Why does calling Result::as_ref() avoid doing a memcpy?
⚓ Rust 📅 2025-10-10 👤 surdeus 👁️ 3In this code for example:
struct BigStruct([u8; 10000]);
pub fn foo1() -> Result<(), bool> {
baz(&blah()?); // does a memcpy?
Ok(())
}
pub fn foo2() -> Result<(), bool> {
baz(blah().as_ref().map_err(|x| *x)?); // no memcpy?
Ok(())
}
unsafe extern "Rust" {
safe fn blah() -> Result<BigStruct, bool>;
safe fn baz(big_struct: &BigStruct);
}
The ? in foo1 triggers a memcpy of the BigStruct while the .as_ref().map_err(|x| *x)? in foo2 avoids it. See here on Compiler Explorer: Compiler Explorer.

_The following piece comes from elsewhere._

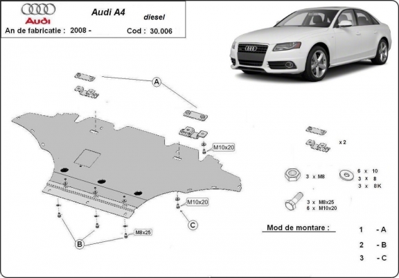 Motor en Radiator Beschermplaat voor Audi A4 B8 All Road, diesel (2008-2014)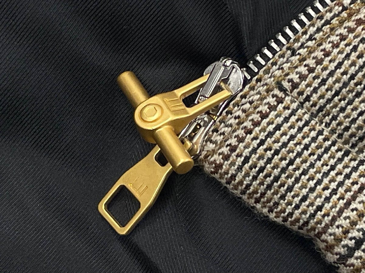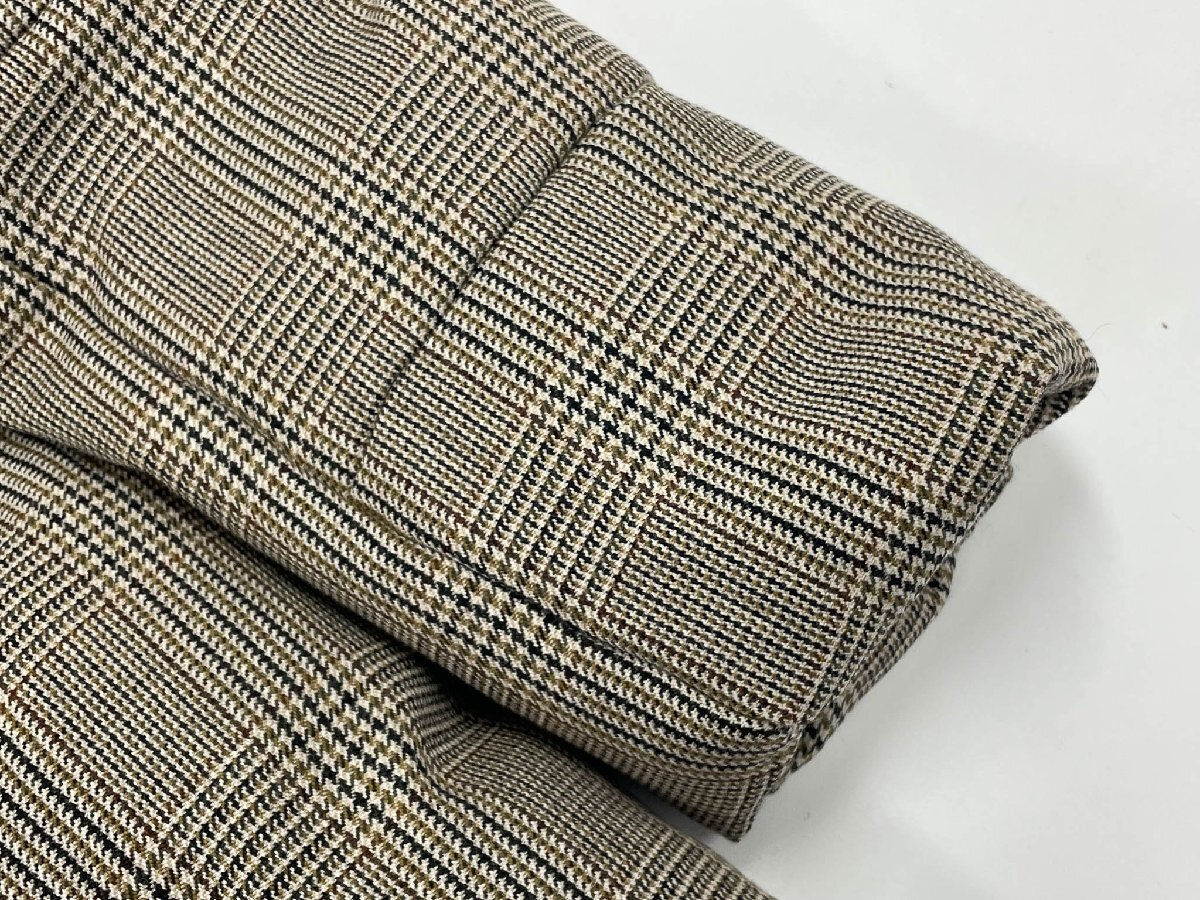 ・全体に、ブラウンやカーキ系の色糸が織り混ざったグレンチェック柄がデザインされています。

I would expect that rustc would be able to see that BigStruct doesn't need to be moved in foo1 and generate the same code as foo2. There are no calls to as_ref or map_err in the output so it does appear to have sufficient inlining.
I noticed this while dealing with Result<DirEntry>/Result<Metadata>/Result<ReadDir> which depending on the platform are quite large because they contain an inline buffer for the file name resulting in expensive moves unless you .as_ref() first.